As shown in Figure 1, the lower end of the terminal platform 2 is fixedly connected with a plane grating reading head 53; a plane grating 54 is fixedly installed on the base 1; a distance of 0.5mm is kept between the plane grating reading head 53 and the plane grating 54, The size of the distance ensures that the plane grating 54 can work normally; at the same time, the optical path of the plane grating reading head 53 must be along the reticle of the plane grating 54 to ensure normal measurement and reading.

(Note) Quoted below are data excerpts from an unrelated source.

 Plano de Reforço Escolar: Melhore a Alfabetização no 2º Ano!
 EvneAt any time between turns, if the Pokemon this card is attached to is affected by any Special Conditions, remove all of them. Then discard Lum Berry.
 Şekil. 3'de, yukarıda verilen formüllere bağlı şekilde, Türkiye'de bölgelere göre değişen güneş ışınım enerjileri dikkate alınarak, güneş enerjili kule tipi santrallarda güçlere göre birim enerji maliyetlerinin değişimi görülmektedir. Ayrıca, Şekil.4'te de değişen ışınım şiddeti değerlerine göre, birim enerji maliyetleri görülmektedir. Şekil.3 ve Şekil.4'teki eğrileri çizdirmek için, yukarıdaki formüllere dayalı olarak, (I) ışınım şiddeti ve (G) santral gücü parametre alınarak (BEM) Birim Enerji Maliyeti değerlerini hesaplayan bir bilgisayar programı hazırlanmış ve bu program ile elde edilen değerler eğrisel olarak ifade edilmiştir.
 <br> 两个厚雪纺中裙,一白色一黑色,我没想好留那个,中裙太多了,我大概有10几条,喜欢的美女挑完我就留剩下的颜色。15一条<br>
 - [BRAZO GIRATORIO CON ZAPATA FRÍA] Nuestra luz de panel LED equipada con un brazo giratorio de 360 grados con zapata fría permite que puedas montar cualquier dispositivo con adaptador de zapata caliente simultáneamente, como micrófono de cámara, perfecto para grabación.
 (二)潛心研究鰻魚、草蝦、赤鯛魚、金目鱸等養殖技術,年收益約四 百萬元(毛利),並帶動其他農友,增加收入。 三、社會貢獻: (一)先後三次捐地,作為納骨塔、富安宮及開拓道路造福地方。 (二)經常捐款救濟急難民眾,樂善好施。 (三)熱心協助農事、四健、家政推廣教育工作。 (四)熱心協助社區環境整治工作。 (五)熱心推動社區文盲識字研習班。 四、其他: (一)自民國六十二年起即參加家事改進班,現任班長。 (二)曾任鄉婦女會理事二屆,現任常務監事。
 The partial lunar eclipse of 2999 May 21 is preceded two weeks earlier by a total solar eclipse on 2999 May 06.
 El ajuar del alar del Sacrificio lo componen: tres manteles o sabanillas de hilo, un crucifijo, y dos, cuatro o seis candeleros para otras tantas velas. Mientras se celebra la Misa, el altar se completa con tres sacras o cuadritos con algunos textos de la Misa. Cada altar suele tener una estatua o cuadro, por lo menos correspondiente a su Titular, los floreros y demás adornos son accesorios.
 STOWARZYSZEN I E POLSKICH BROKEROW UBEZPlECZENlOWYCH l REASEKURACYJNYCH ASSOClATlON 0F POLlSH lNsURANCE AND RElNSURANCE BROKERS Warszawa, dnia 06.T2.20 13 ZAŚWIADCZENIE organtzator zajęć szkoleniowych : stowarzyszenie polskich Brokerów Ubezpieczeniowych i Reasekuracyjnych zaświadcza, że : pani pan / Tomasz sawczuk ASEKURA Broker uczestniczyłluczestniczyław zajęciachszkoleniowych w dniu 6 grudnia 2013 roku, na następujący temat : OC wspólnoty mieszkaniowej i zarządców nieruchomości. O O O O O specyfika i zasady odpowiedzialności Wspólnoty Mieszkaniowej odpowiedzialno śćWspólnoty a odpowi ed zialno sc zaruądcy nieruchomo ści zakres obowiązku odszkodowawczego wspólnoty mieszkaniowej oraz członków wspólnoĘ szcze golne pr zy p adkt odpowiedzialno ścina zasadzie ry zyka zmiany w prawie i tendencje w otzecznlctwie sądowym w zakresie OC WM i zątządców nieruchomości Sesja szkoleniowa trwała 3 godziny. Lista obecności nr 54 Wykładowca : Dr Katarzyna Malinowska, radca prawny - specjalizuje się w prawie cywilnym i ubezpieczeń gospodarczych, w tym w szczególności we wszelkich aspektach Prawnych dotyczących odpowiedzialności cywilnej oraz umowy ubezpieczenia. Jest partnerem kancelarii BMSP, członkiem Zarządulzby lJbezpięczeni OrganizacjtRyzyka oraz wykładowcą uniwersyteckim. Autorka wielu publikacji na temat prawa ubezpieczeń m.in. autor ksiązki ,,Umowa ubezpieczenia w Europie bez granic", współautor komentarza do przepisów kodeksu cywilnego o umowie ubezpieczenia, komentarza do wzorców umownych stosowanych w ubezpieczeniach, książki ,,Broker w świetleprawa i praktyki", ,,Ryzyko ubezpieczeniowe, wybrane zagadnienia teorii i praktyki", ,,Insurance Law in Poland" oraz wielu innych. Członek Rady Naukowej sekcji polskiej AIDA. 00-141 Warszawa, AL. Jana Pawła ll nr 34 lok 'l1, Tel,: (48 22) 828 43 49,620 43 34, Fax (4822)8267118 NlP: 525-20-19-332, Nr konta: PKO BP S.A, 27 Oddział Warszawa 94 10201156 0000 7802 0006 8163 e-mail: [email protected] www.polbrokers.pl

The working process of the parallel macro-micro high-precision motion platform described in the present invention is described in detail as follows:

First of all, in order to ensure that the piezoelectric ceramic actuators in each branch chain will not be affected by tension during the movement process, so as not to affect the accuracy of motion control and damage the actuators, it is necessary to apply axial preload to each piezoelectric ceramic actuator load. Take the axial preload application method of the piezoelectric ceramic actuator 42-1 as an example to illustrate: first loosen the fastening bolts at both ends of the preload seat 46-1, and apply the axial load at the tail of the preload seat 46-1. To the thrust, observe the pressure measured by the pressure sensor 44-1, whether it reaches the required axial preload, adjust the thrust until the required preload value is reached, then tighten the preload The fastening bolt on the seat 46-1. After the axial pretension of the piezoelectric ceramic actuator 42-1 is completed, the axial deformation value of the branch chain flexible unit measured by the length gauge 48-1 is set to zero.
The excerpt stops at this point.